By Matt Wade, Craig Butt and Angus Delaney
Utes rule Sydney’s west, Japanese runabouts dominate the middle ring and inner-city types favour European brands.
Herald analysis of the city’s most popular cars reveals a distinctive pattern: the Toyota Hilux ute is the most prevalent vehicle in outer Sydney, while the Volkswagen Golf is top in harbourside neighbourhoods. The city’s most common car, the Toyota Corolla, reigns across a swath of suburbia in between.
What about your area? Type your postcode into the box below to discover the 10 most popular car models in your postcode.
Those three models were most popular in 94 per cent of Greater Sydney’s postcodes – the Mazda 3 topped a dozen postcodes and the Ford Ranger in four.
Luxury cars were prominent among the top 10 models in postcodes across Sydney’s east. The Porsche Macan was the fifth most common car in Darling Point, sixth in Bellevue Hill and Double Bay, seventh in Dover Heights and eighth in Woollahra. To put that in perspective, the Macan was the 128th most common vehicle in NSW, with 7648 registrations statewide.
In Darling Point, Range Rovers, the Porsche 911, the BMW X1 and the Mercedes-Benz C200 were all in the top 10.

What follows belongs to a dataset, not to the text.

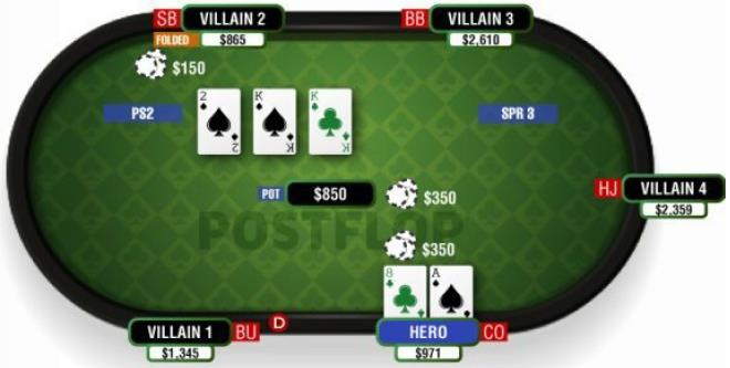 对于所有的翻牌场景,我都不建议在多人底池下注。在PS1翻后场景中,你可以尝试用持续下注对手2个对手,但你需要相信你有很好的机会让两名牌手都弃牌,而且公共牌的对子应该不太可能击中对手范围是小对子。谨记,对于半个底池大小的下注,你的成功率必须至少33%(越高越好)。有时在有利位置随后check,免费看下一张牌将给你更好的价值。任何对多个对手的诈唬将会显著降低成功率。

One postcode had a Tesla among the top 10 – the Tesla Model Y was the eighth most prevalent car registered in Sydney’s CBD.
The once-popular Holden Commodore, which stopped production in 2017, was still the top car in the Blue Haven-Budgewoi neighbourhood on the Central Coast (postcode 2262). The Commodore was also No. 1 in the Wollongong suburb of Berkeley and in Windale, near Newcastle.
The analysis is based on federal Department of Transport data that tracks the registration of 171 vehicle brands and more than 2000 vehicle models across NSW postcodes.
The Corolla is by far Sydney’s most popular car – it was the top model in almost two-thirds of postcodes. It was also the most prevalent vehicle in NSW, with 269,165 registrations.
The Hilux is the state’s second most common vehicle (251,919) and most popular in 50 Sydney postcodes including Glenmore Park, near Penrith. Census data shows more plumbers and carpenters live in Glenmore Park than other neighbourhoods.
The Volkswagen Golf was the most popular vehicle in 26 postcodes, including Mosman, Bondi, Balgowlah, Darlinghurst and Manly.
A spokesperson from the Department of Transport said vehicle registration figures inform decision-making for public and private sectors.
“This data is made publicly available to support governments, industry and other stakeholders to better understand Australia’s current vehicle fleet and how it is changing over time,” the spokesperson said.
NSW had more than a dozen London Taxis, at least six De Loreans (the car that transported Doc Brown and Marty McFly to the year 1955 in Back to the Future), and at least three Goggomobils, a German micro-car best known in Australia for its appearance in a 1990s Yellow Pages TV advertisement.